START Dataset excerpts
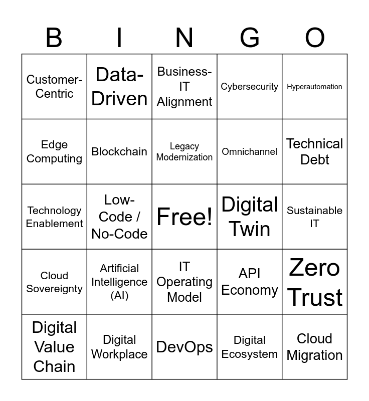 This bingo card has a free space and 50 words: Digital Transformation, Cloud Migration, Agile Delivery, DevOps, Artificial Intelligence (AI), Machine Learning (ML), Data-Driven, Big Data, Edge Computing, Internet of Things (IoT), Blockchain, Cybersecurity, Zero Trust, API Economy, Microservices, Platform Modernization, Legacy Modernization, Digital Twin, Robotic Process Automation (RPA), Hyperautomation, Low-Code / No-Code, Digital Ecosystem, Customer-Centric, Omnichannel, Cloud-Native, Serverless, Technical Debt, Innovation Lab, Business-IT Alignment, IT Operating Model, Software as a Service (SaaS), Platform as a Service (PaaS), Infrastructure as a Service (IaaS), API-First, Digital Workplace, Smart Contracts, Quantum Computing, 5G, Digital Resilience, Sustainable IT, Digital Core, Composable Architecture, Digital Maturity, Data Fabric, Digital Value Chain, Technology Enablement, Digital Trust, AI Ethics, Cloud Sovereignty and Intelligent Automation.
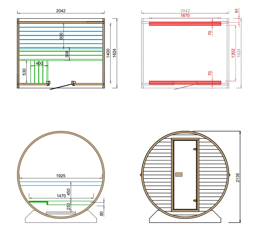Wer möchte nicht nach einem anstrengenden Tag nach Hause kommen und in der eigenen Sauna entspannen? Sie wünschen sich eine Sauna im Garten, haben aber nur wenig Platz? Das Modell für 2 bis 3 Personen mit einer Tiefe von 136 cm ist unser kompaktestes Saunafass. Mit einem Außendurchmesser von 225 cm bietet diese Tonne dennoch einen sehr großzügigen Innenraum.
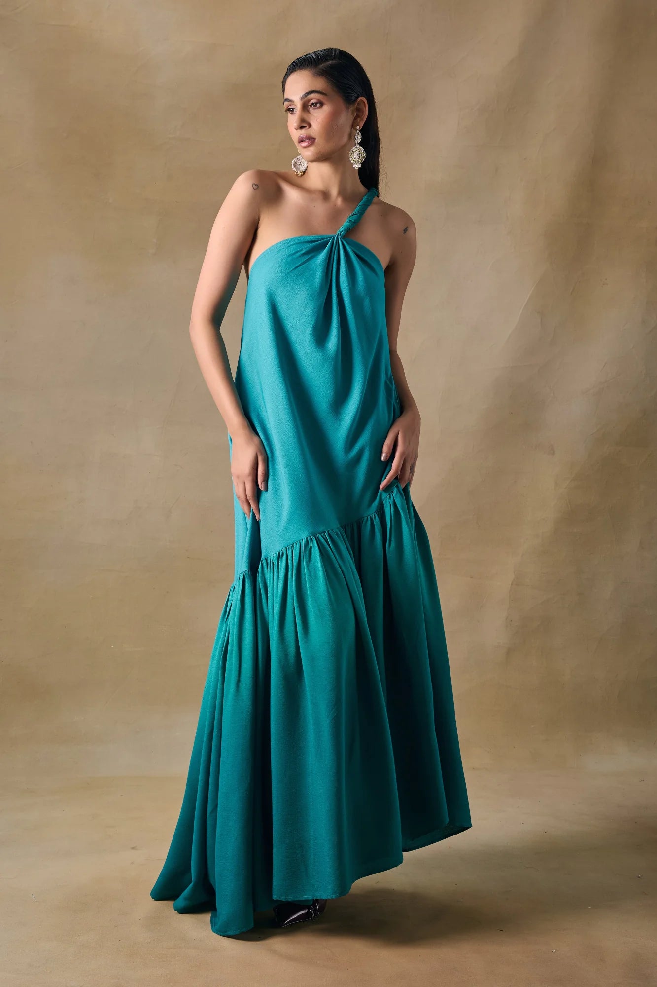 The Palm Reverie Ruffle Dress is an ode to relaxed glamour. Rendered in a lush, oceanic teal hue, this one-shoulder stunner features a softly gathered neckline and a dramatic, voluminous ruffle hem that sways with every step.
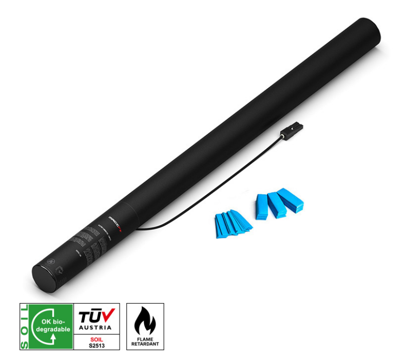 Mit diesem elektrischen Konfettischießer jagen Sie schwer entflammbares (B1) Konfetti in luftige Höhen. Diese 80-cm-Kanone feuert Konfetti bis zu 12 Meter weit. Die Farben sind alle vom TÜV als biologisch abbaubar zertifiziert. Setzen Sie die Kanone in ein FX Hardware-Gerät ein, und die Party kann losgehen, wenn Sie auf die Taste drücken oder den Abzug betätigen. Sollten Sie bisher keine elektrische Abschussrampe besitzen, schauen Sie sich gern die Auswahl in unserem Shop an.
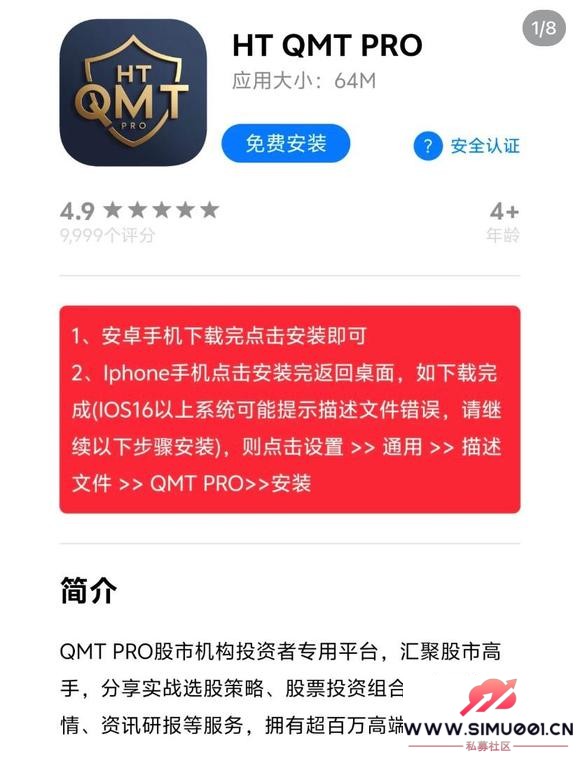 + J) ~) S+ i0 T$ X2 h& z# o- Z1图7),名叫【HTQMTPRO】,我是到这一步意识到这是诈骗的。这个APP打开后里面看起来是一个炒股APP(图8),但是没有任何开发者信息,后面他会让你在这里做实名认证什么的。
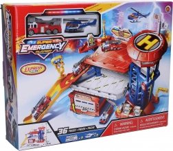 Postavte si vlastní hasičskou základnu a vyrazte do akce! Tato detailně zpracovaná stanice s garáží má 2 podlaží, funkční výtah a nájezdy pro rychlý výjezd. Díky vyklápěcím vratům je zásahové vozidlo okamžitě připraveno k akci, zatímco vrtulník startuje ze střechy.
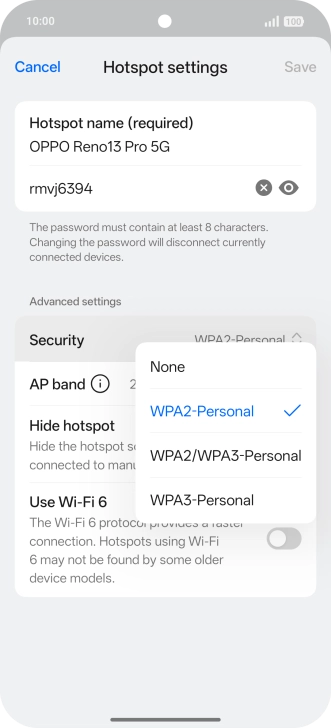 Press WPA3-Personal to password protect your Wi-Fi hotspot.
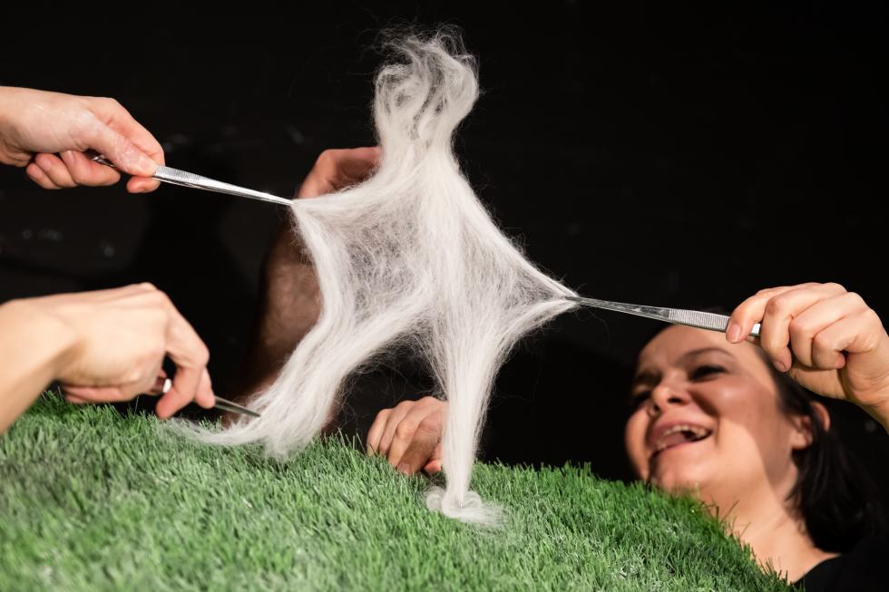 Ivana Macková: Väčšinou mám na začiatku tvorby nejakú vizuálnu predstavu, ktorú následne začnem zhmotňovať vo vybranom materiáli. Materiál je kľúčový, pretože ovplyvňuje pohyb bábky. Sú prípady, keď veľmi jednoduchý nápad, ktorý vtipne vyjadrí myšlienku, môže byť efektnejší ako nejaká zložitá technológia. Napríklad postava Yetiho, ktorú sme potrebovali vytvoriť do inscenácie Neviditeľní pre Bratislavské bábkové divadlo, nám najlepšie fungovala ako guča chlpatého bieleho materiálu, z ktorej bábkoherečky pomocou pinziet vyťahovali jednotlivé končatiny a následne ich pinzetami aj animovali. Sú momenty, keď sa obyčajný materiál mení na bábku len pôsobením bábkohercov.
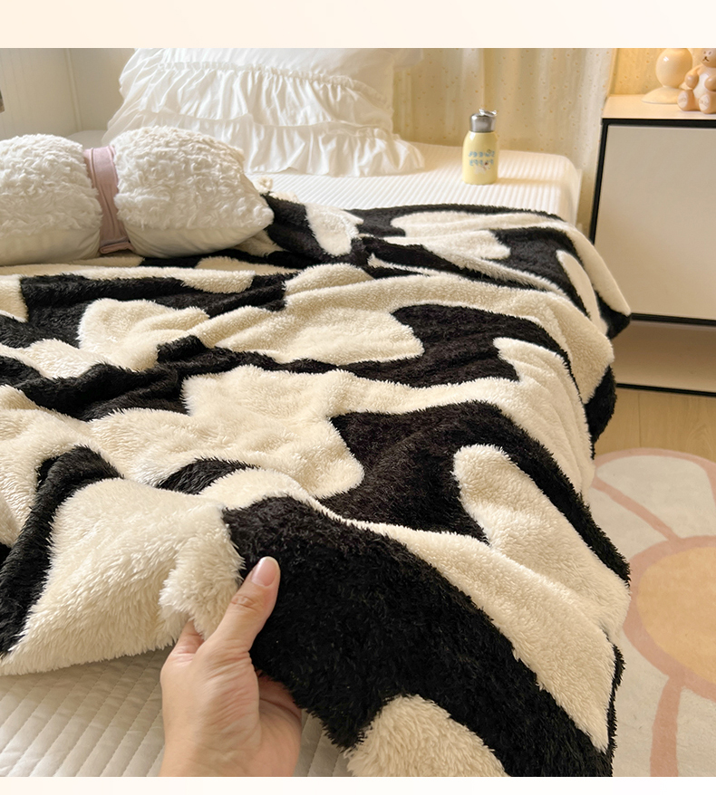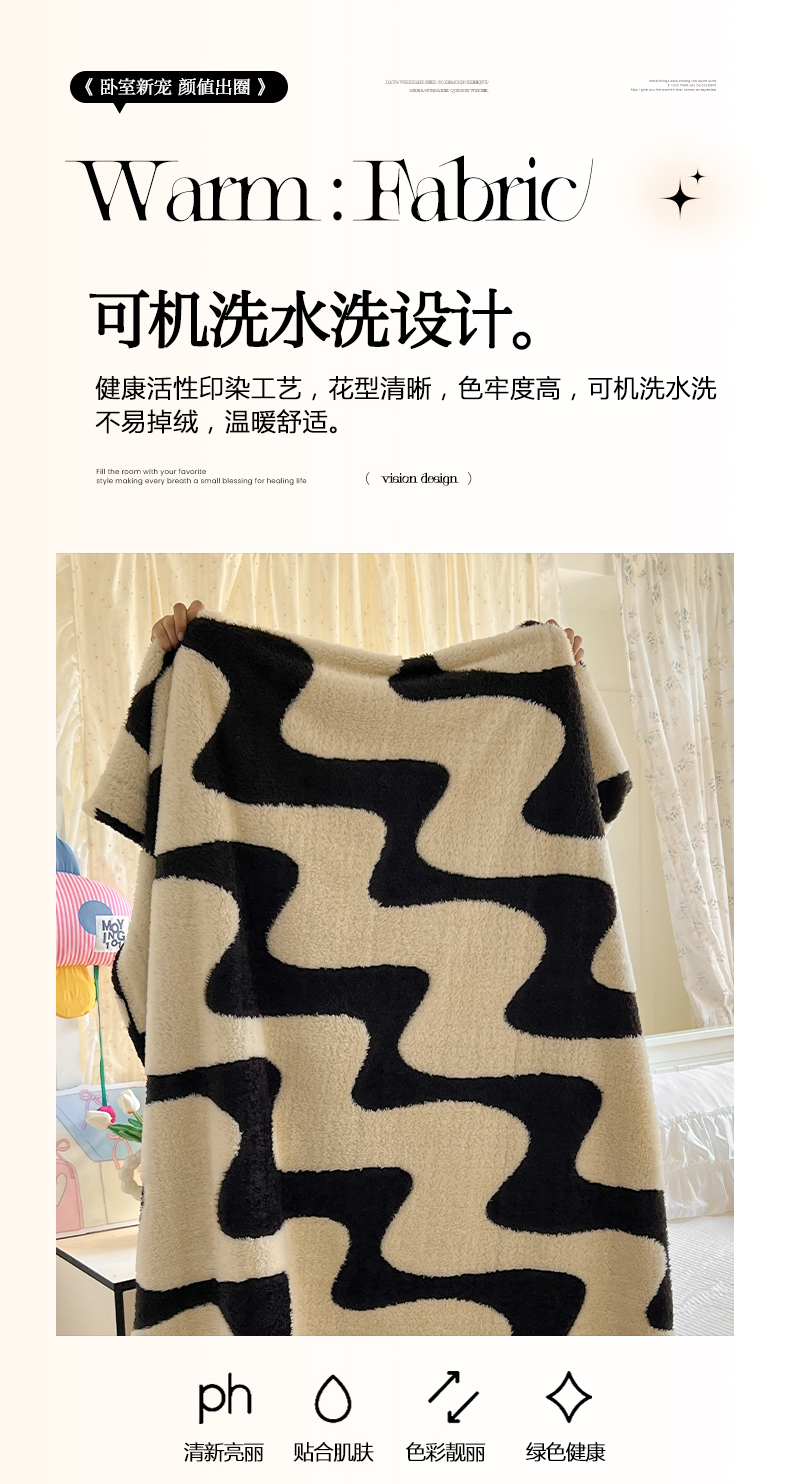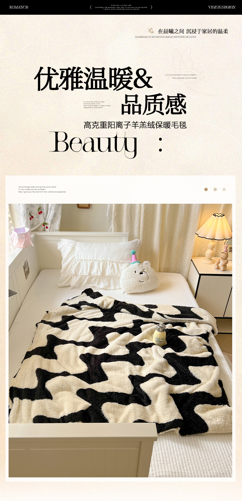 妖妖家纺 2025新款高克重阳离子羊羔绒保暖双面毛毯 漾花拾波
END Dataset excerpts
In your transcription of the listing above, match each line exactly and include no pictures.

§ **Answer below**
 This bingo card has a free space and 50 words: Digital Transformation, Cloud Migration, Agile Delivery, DevOps, Artificial Intelligence (AI), Machine Learning (ML), Data-Driven, Big Data, Edge Computing, Internet of Things (IoT), Blockchain, Cybersecurity, Zero Trust, API Economy, Microservices, Platform Modernization, Legacy Modernization, Digital Twin, Robotic Process Automation (RPA), Hyperautomation, Low-Code / No-Code, Digital Ecosystem, Customer-Centric, Omnichannel, Cloud-Native, Serverless, Technical Debt, Innovation Lab, Business-IT Alignment, IT Operating Model, Software as a Service (SaaS), Platform as a Service (PaaS), Infrastructure as a Service (IaaS), API-First, Digital Workplace, Smart Contracts, Quantum Computing, 5G, Digital Resilience, Sustainable IT, Digital Core, Composable Architecture, Digital Maturity, Data Fabric, Digital Value Chain, Technology Enablement, Digital Trust, AI Ethics, Cloud Sovereignty and Intelligent Automation.
Wer möchte nicht nach einem anstrengenden Tag nach Hause kommen und in der eigenen Sauna entspannen? Sie wünschen sich eine Sauna im Garten, haben aber nur wenig Platz? Das Modell für 2 bis 3 Personen mit einer Tiefe von 136 cm ist unser kompaktestes Saunafass. Mit einem Außendurchmesser von 225 cm bietet diese Tonne dennoch einen sehr großzügigen Innenraum.
 The Palm Reverie Ruffle Dress is an ode to relaxed glamour. Rendered in a lush, oceanic teal hue, this one-shoulder stunner features a softly gathered neckline and a dramatic, voluminous ruffle hem that sways with every step.
 Mit diesem elektrischen Konfettischießer jagen Sie schwer entflammbares (B1) Konfetti in luftige Höhen. Diese 80-cm-Kanone feuert Konfetti bis zu 12 Meter weit. Die Farben sind alle vom TÜV als biologisch abbaubar zertifiziert. Setzen Sie die Kanone in ein FX Hardware-Gerät ein, und die Party kann losgehen, wenn Sie auf die Taste drücken oder den Abzug betätigen. Sollten Sie bisher keine elektrische Abschussrampe besitzen, schauen Sie sich gern die Auswahl in unserem Shop an.
 + J) ~) S+ i0 T$ X2 h& z# o- Z1图7),名叫【HTQMTPRO】,我是到这一步意识到这是诈骗的。这个APP打开后里面看起来是一个炒股APP(图8),但是没有任何开发者信息,后面他会让你在这里做实名认证什么的。
 Postavte si vlastní hasičskou základnu a vyrazte do akce! Tato detailně zpracovaná stanice s garáží má 2 podlaží, funkční výtah a nájezdy pro rychlý výjezd. Díky vyklápěcím vratům je zásahové vozidlo okamžitě připraveno k akci, zatímco vrtulník startuje ze střechy.
 Press WPA3-Personal to password protect your Wi-Fi hotspot.
 Ivana Macková: Väčšinou mám na začiatku tvorby nejakú vizuálnu predstavu, ktorú následne začnem zhmotňovať vo vybranom materiáli. Materiál je kľúčový, pretože ovplyvňuje pohyb bábky. Sú prípady, keď veľmi jednoduchý nápad, ktorý vtipne vyjadrí myšlienku, môže byť efektnejší ako nejaká zložitá technológia. Napríklad postava Yetiho, ktorú sme potrebovali vytvoriť do inscenácie Neviditeľní pre Bratislavské bábkové divadlo, nám najlepšie fungovala ako guča chlpatého bieleho materiálu, z ktorej bábkoherečky pomocou pinziet vyťahovali jednotlivé končatiny a následne ich pinzetami aj animovali. Sú momenty, keď sa obyčajný materiál mení na bábku len pôsobením bábkohercov.
 妖妖家纺 2025新款高克重阳离子羊羔绒保暖双面毛毯 漾花拾波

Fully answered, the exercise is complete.